Using Baby Steps to Build Self-Esteem
Baby steps are a great way to build self-esteem. It's kind of like climbing a mountain: From the distance, we see a simple shape. It looks easy enough to climb if we just start walking uphill. Yet the closer we get, the more we realize that what looked like a basic silhouette is actually filled with valleys, cliffs, detours, and falling rocks. Suddenly, we start to question ourselves. Where do we start? How much energy will it take? What happens if we get turned around? This is when we can turn to baby steps to build self-esteem. When we measure our progress in smaller increments, we have more opportunities to reflect on our progress and make sure we are headed in the right direction.
How to Use Baby Steps to Build Self-Esteem
Here are some things to keep in mind when using baby steps to grow self-esteem:
- Cut your goals in half. Whatever your step is, cut it in half. Let's say one of your goals is to think something kind about yourself every time you look in the mirror. This is a great goal, but on dark days it can be hard. This is where breaking the goal in half can be beneficial. Perhaps the first goal is simply to look in the mirror and listen to the mental dialogue that initially arises (even if it's not enjoyable). The second goal is telling yourself, "Yes, those are things that come up sometimes, but I also think I am [insert positive here]." We all have days where we can't achieve the second goal, but we can still feel a sense of accomplishment having achieved the first.
- Know your learning style. We all have different ways of learning and processing information. Do you know yours? If not, spend a few minutes online figuring it out. Once you know yours. tailor your baby steps to include it. For example, if you're a visual learner, have a list with steps you can cross off. If you're kinesthetic learner, get a box of blocks and create a "success" tower–add one block every step you succeed. If you're aural learner, consider having a "build self-esteem playlist." If you're verbal learner, ask someone to be your "goal buddy," who can talk to you about your accomplishments and share your success (perhaps you can do the same for them). By linking building self-esteem to your learning style, you can feel deeply satisfied with your baby steps.

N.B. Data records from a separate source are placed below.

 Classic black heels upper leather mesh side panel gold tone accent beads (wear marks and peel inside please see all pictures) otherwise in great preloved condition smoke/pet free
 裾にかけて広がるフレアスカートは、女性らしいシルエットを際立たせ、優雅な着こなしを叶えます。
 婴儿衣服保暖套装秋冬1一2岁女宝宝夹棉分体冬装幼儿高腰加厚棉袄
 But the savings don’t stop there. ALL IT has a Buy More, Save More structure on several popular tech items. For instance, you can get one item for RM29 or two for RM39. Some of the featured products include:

- Build strength. Imagine you decide to learn guitar. Do you suddenly start playing 10 hours a day? Of course not. You smart small. Once your hands build up strength and skill, you can play for as long as you'd like. Keep this in mind when building self-esteem. Often when we make the decision to build self-esteem, we think we can spend hours each day on it. But it doesn't work like that–you have to build up your "self-esteem strength" just like any other skill. Creating new neuropathways in your brain takes time. Perhaps start with one baby step a day to build self-esteem. For example, let's say you're interested in losing weight. Instead of jumping into an entirely new diet, consider starting with one meal a day–perhaps for your afternoon snack, you switch from a cookie to half a cookie and a hard-boiled egg.

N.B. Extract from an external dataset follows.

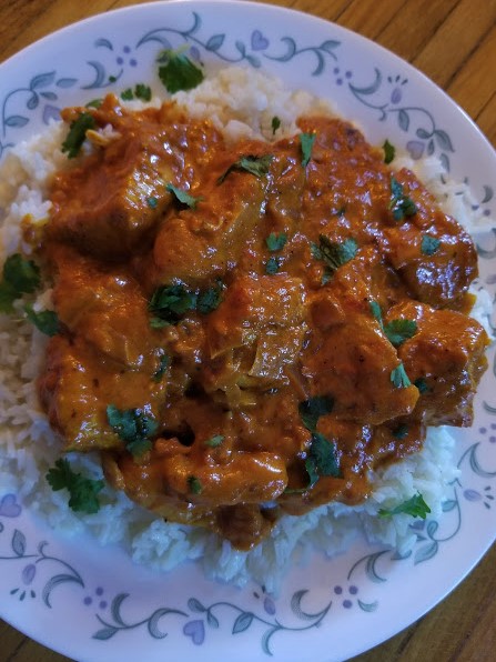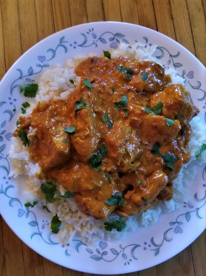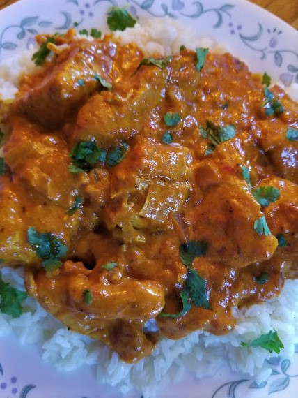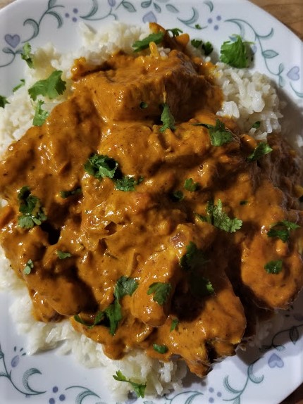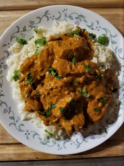 • Once the chicken has reduced, top with some chopped cilantro. Serve with some jasmine rice and naan bread. Click here  for Naan bread recipe!
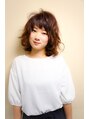 ルーズなカールが可愛いボブスタイルです。重めなシルエットですがカットで軽さを出して、前髪でバランスを合わせる様にカットします。カラーはキュートなフォルムに合わせてピュアブラウンをチョイスしました。

- Chill out. Yout can't be mentally active all the time. Sometimes, you need to zone. How do you re-energize? Do you watch television? Do you have a treat? Do you enjoy Internet browsing? Downtime is just as important as your active time–you need to recharge your batteries to power your building self-esteem machine.
Try using baby steps to build your self-esteem and see if it works for you.
Mahrer, B. (2019, August 8). Using Baby Steps to Build Self-Esteem, HealthyPlace. Retrieved on 2020, June 5 from https://www.healthyplace.com/blogs/buildingselfesteem/2019/8/using-baby-steps-to-build-self-esteem
Author: Britt Mahrer
I love the idea of baby steps for any work being done with mental and emotional health. Small steps toward a larger goal help it to be manageable instead of overwhelming. I think it's so great that you talk about your learning style. It's so important for us to be aware of our tendencies when it comes to areas of motivation and procrastination, or avoidance.
Hi Lizanne, as always I appreciate the depth and thought that goes into your comments. Being aware of our tendencies is a huge part of self-discovery, one that we all benefit from exploring.